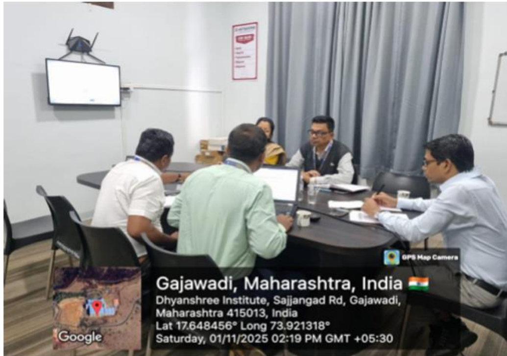
Online Departmental Advisory Committee meeting held on Saturday [Date: 1-11-2025]

3) Departmental Advisory Committee Meeting: A meeting has been held by the departmental advisory committee on 01-11-2025 to review the status of the curricular, co-curricular activities and also to discuss the future academic plans and execution.
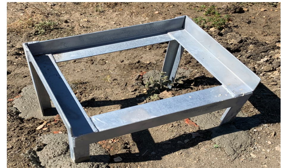
Gage Shelter stand
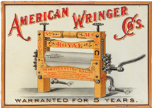
144. American Wringer Co. Sign

9.75 x 13-5/8" Early embossed self-framed tin litho, w/ stunning multicolor graphics. Clean, bright & excellent (a strong C. 8++), w/ non-detracting minor bends and edge wear.
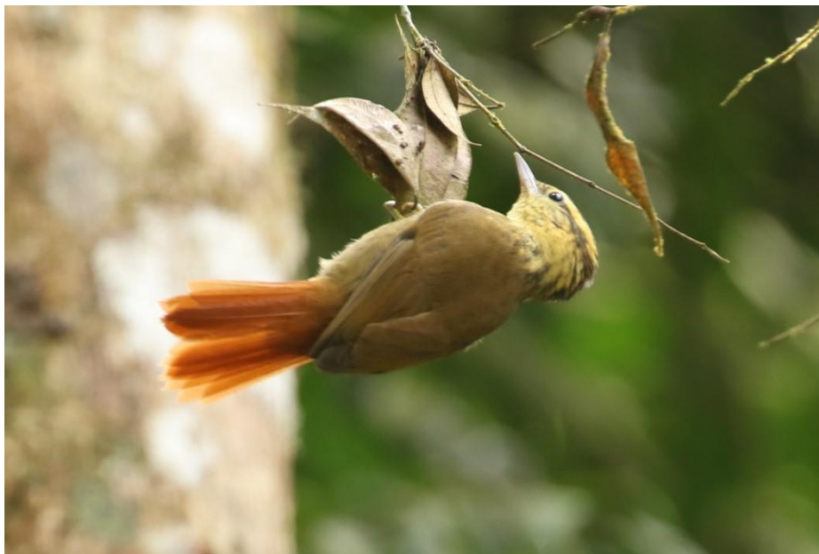
Sharp-billed Treehunter (Andy Foster)

We drove on up the track to our next stop and as soon as we got out of the minibus we picked up a pair of Gray-capped Tyrannulets, this was followed shortly afterwards by great views of a Scale-throated Hermit, Rufous Gnateater, Black-and-white Hawk-Eagle and a White-browed Warbler. We headed on up the track on foot and came across an amazing mixed flock which contained Buff-browed Foliage-gleaner, Ochre-faced Tody-Flycatcher, Sharp-billed Treehunter, (we paused half way through to call in a Rufous-tailed Antthrush!), Plain Antvireo, White-browed Foliage-gleaner, Whiskered Flycatcher, Star-throated Antwren, Rufous-capped Spinetail, Eared Pygmy-Tyrant and a White-shouldered Fire-eye! We walked around the corner to more new birds, picking up White-barred Piculet, Black-goggled Tanager, Spot-billed Toucanet, Scaled Woodcreeper, White-throated Woodcreeper, Streaked Xenops and brief views of a Black-billed Scythebill! What an amazing couple of hours birding!
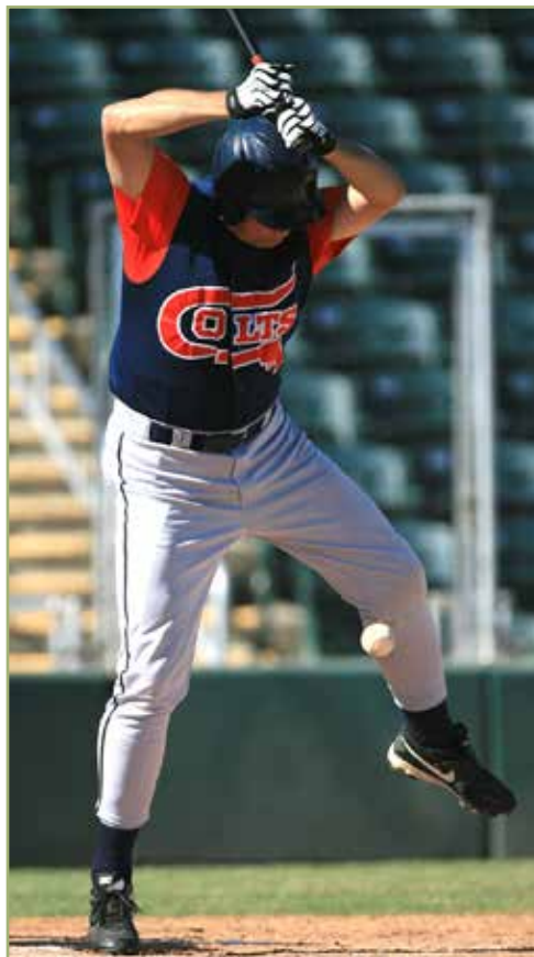
Hawkeye Pierce of the Cincinnati Colts dances to avoid an inside pitch
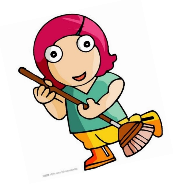
sweep the floor
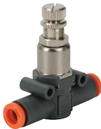
Inline Pressure Regulators from $20.25
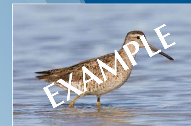
Short-billed Dowitcher ( Limnodromus griseus )
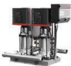
Booster sets Hydro Multi Series
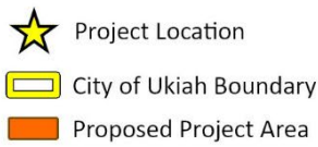
Fig 2-1 Regional Location
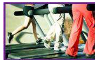
(Staged with Professional Models)

The Dart Center for Journalism and Trauma offers a self-guided tutorial for journalists that explains the signs and effects of traumatic stress and how to cope with its effects. This information is helpful to increase knowledge about how trauma affects crime victims, as well as reporters who may be continually exposed to traumatic events. The tutorial can be accessed at
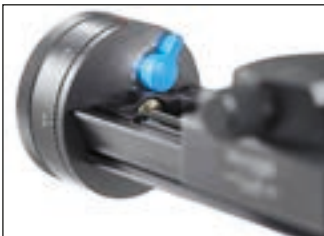
CASTEL-M_10.jpg Mechanical Focusing Rail CASTEL-M for magnification factors up to 5:1, Lever for setting magnification factors
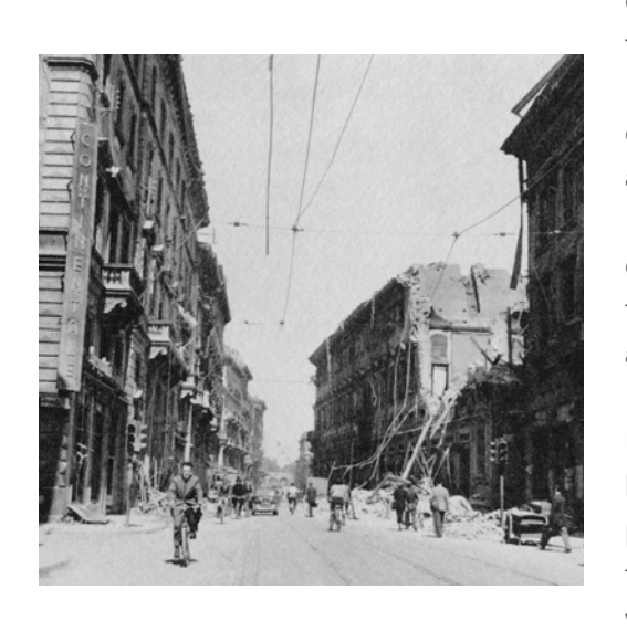
Via Manzoni in Milan after an air raid in 1943

In 1943, with the virtual division of Italy, communication between the bank's head office in Milan and the branches in the liberated south of Italy became particularly difficult. In 1944, BAI split into two separate units: the branches in the central and southern parts of Italy reported to a new head office in Rome, whilst the branches in the north continued to report to Milan. One branch, at Castelnuovo di Garfagnana, remained in a sort of 'no man's land' between
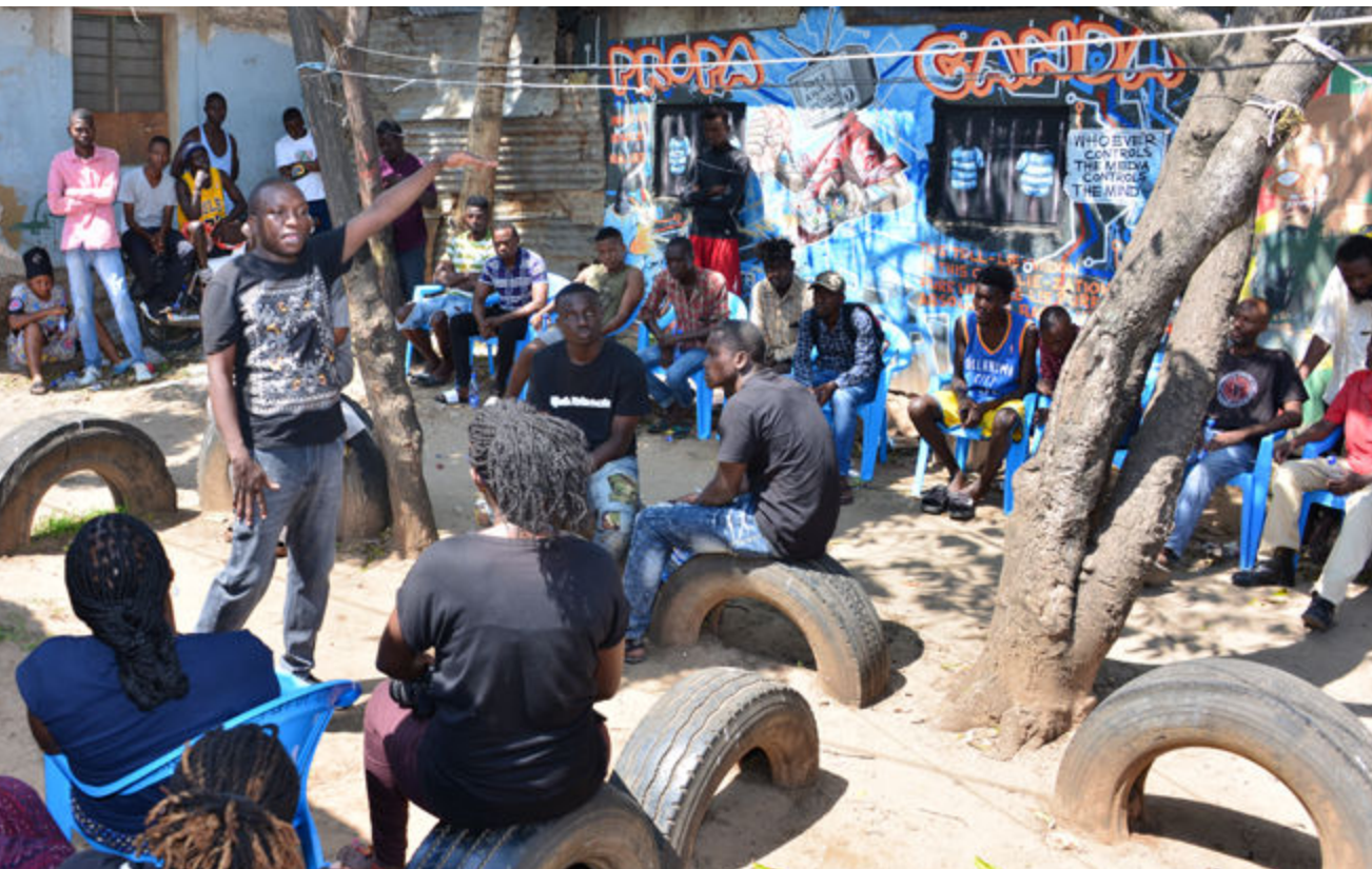
Youth from Kisumu Ndogo Maskani in Nyali constituency participate in a Gumzo Mtaani.
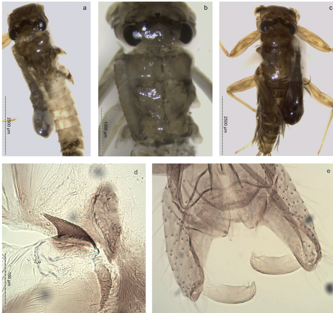
Fig. 1.— Symbiocladius wygodzinskyi Roback, 1965 parasitic on Meridialaris sp. (Ephemeroptera; Leptophlebiidae) in Peru. a) River Chusgón (larvae in pupation). b) Larvae from River Anchapillay. c) Male pupae from River Anchapillay. d) Pupal thoracic horn. e) Male hypopygia.

Fig. 1.— Symbiocladius wygodzinskyi Roback, 1965, ectoparásito de Meridialaris sp. (Ephemeroptera, Leptophlebiidae) en Perú. a) Río Chusgón (larva pupando). b) Larva del río Anchapillay. c) Pupa macho del río Anchapillay. d) Cuerno torácico de la pupa. e) Hipopigio del macho
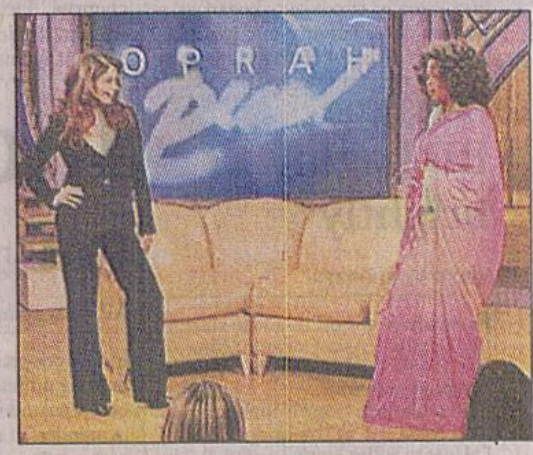
Ashwariya (L) teaches Oprah how to look graceful in a sari

Ash: No, Indian people are very hospitable.
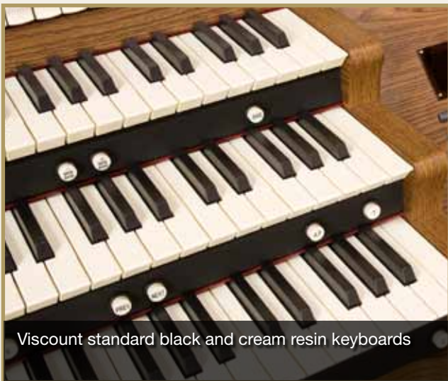
Viscount standard black and cream resin keyboards
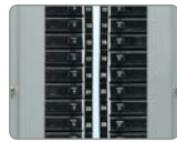
Human Eye View
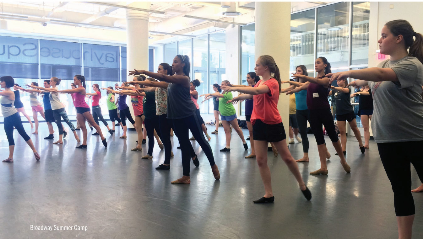
Broadway Summer Camp
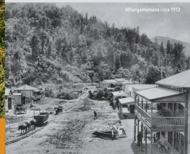
Whangamomona circa 1912
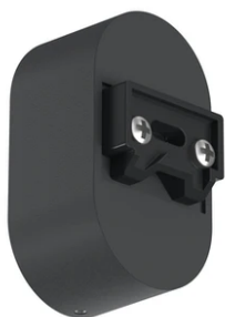
Coated aluminum mount for surface installation (wall) 08.0209.DR
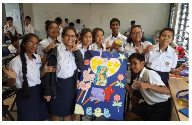
Collage on qualities of Mother Mary

The celebration started early in the morning with a combined mass at Boys' Town for all Catholic students and staff from the three components while the other non-Catholic students were engaged in a series of meaningful classroom activities. The Secondary 1 students were introduced to the life of Mother Mary and the significance of her bodily reception into Heaven. Personal qualities of Mother Mary such as her trust in God, her obedience, purity and humility were highlighted during the lesson and as a post-lesson activity, students worked in groups
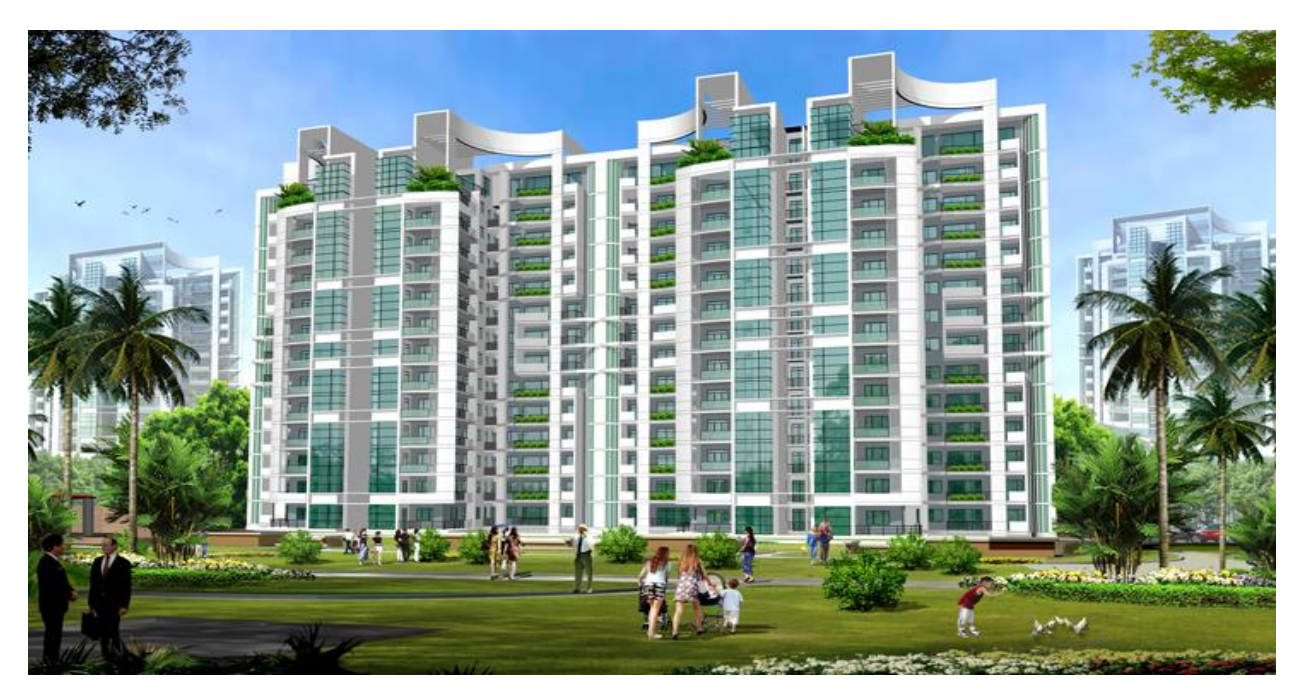
SPAZE PRIVY (Gurgaon)

※ ※ ※

What you need to do: Because pictures are not wanted, give every entry above again exactly without them.

Solution below:
Online Departmental Advisory Committee meeting held on Saturday [Date: 1-11-2025]

3) Departmental Advisory Committee Meeting: A meeting has been held by the departmental advisory committee on 01-11-2025 to review the status of the curricular, co-curricular activities and also to discuss the future academic plans and execution.
Gage Shelter stand
144. American Wringer Co. Sign

9.75 x 13-5/8" Early embossed self-framed tin litho, w/ stunning multicolor graphics. Clean, bright & excellent (a strong C. 8++), w/ non-detracting minor bends and edge wear.
Sharp-billed Treehunter (Andy Foster)

We drove on up the track to our next stop and as soon as we got out of the minibus we picked up a pair of Gray-capped Tyrannulets, this was followed shortly afterwards by great views of a Scale-throated Hermit, Rufous Gnateater, Black-and-white Hawk-Eagle and a White-browed Warbler. We headed on up the track on foot and came across an amazing mixed flock which contained Buff-browed Foliage-gleaner, Ochre-faced Tody-Flycatcher, Sharp-billed Treehunter, (we paused half way through to call in a Rufous-tailed Antthrush!), Plain Antvireo, White-browed Foliage-gleaner, Whiskered Flycatcher, Star-throated Antwren, Rufous-capped Spinetail, Eared Pygmy-Tyrant and a White-shouldered Fire-eye! We walked around the corner to more new birds, picking up White-barred Piculet, Black-goggled Tanager, Spot-billed Toucanet, Scaled Woodcreeper, White-throated Woodcreeper, Streaked Xenops and brief views of a Black-billed Scythebill! What an amazing couple of hours birding!
Hawkeye Pierce of the Cincinnati Colts dances to avoid an inside pitch
sweep the floor
Inline Pressure Regulators from $20.25
Short-billed Dowitcher ( Limnodromus griseus )
Booster sets Hydro Multi Series
Fig 2-1 Regional Location
(Staged with Professional Models)

The Dart Center for Journalism and Trauma offers a self-guided tutorial for journalists that explains the signs and effects of traumatic stress and how to cope with its effects. This information is helpful to increase knowledge about how trauma affects crime victims, as well as reporters who may be continually exposed to traumatic events. The tutorial can be accessed at
CASTEL-M_10.jpg Mechanical Focusing Rail CASTEL-M for magnification factors up to 5:1, Lever for setting magnification factors
Via Manzoni in Milan after an air raid in 1943

In 1943, with the virtual division of Italy, communication between the bank's head office in Milan and the branches in the liberated south of Italy became particularly difficult. In 1944, BAI split into two separate units: the branches in the central and southern parts of Italy reported to a new head office in Rome, whilst the branches in the north continued to report to Milan. One branch, at Castelnuovo di Garfagnana, remained in a sort of 'no man's land' between
Youth from Kisumu Ndogo Maskani in Nyali constituency participate in a Gumzo Mtaani.
Fig. 1.— Symbiocladius wygodzinskyi Roback, 1965 parasitic on Meridialaris sp. (Ephemeroptera; Leptophlebiidae) in Peru. a) River Chusgón (larvae in pupation). b) Larvae from River Anchapillay. c) Male pupae from River Anchapillay. d) Pupal thoracic horn. e) Male hypopygia.

Fig. 1.— Symbiocladius wygodzinskyi Roback, 1965, ectoparásito de Meridialaris sp. (Ephemeroptera, Leptophlebiidae) en Perú. a) Río Chusgón (larva pupando). b) Larva del río Anchapillay. c) Pupa macho del río Anchapillay. d) Cuerno torácico de la pupa. e) Hipopigio del macho
Ashwariya (L) teaches Oprah how to look graceful in a sari

Ash: No, Indian people are very hospitable.
Viscount standard black and cream resin keyboards
Human Eye View
Broadway Summer Camp
Whangamomona circa 1912
Coated aluminum mount for surface installation (wall) 08.0209.DR
Collage on qualities of Mother Mary

The celebration started early in the morning with a combined mass at Boys' Town for all Catholic students and staff from the three components while the other non-Catholic students were engaged in a series of meaningful classroom activities. The Secondary 1 students were introduced to the life of Mother Mary and the significance of her bodily reception into Heaven. Personal qualities of Mother Mary such as her trust in God, her obedience, purity and humility were highlighted during the lesson and as a post-lesson activity, students worked in groups
SPAZE PRIVY (Gurgaon)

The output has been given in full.